— Добрый вечер, Илант, — проговорил ровным тоном, — мы, кажется, ещё не встречались сегодня.
— Добрый вечер, Сенатор, — проговорил юноша и замолчал, глядя растеряно.
Голос предательски дрогнул, и Сенатор взглянул внимательней.
— Ты бледный, — заметил спокойно, — что-то случилось?
— Да ничего, — отмахнулся юноша, понимая, как, не кстати, этот вопрос, — я просто ещё не особо хорошо себя чувствую после того ранения. И, извините, что отказываюсь от ужина. Пойду отдохну, или посижу в саду, я на самом деле неважно себя чувствую. Извините...
Сенатор пожал плечами.
— Как хочешь, — проговорил негромко, — а я мечтал расспросить тебя о Рэне. Но, думаю, у нас еще будет время...
Илант прошёл сразу в сад, чувствуя, что бледность уходит, и вместо неё на щеках разгорается лихорадочный румянец. Почва уходила из-под ног, словно качаясь в момент землетрясения. Мир дал трещину, осыпался и рухнул.
Он посмотрел на небо, небо было всё то же, непостижимое, невозможное небо Софро, перевёл взгляд на город, на здание Сената, на сады.
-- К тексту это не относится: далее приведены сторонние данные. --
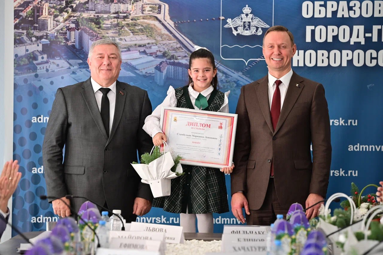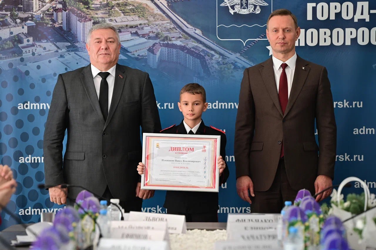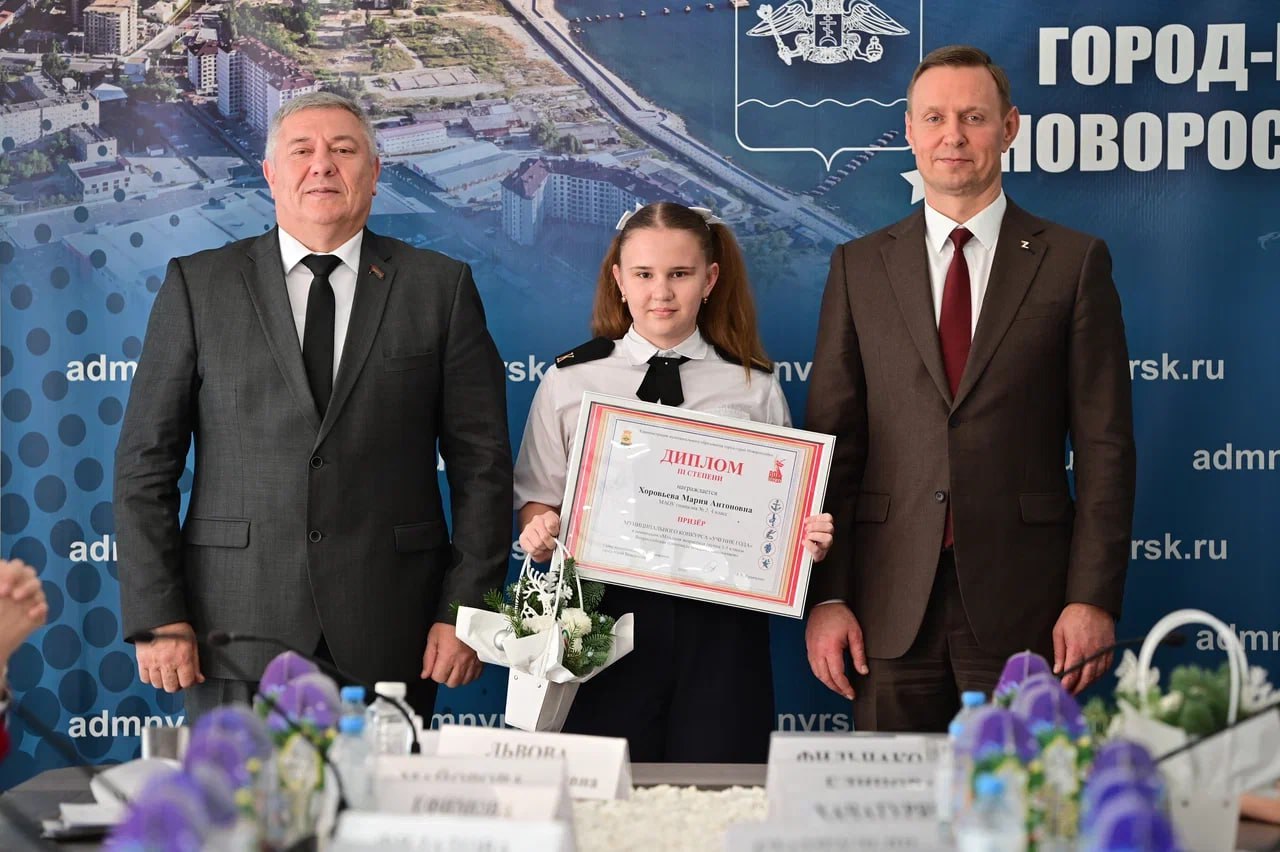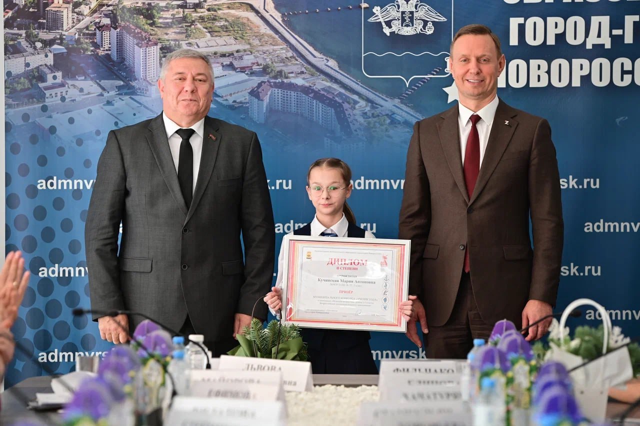 Совместно с председателем городской Думы Андреем Антоновым глава Новороссийска вручил ребятам дипломы и сертификаты на денежное вознаграждение.

Всё оставалось прежним, и было иным.
— Дали Небесные! — прошептал юноша одними губами, совершенно беззвучно, — Дали Небесные! да как же оно так?
Илант вновь достал письма, перечитал их внимательно, смысл текста ускользал по-прежнему, но он им не интересовался, выискивал слова — оборотни, убеждаясь, всё более и более, что они не случайны, уж очень хорошо они складывались между собой в чёткий наглый приказ, в чуждую, невероятную волю. В изуверскую мысль.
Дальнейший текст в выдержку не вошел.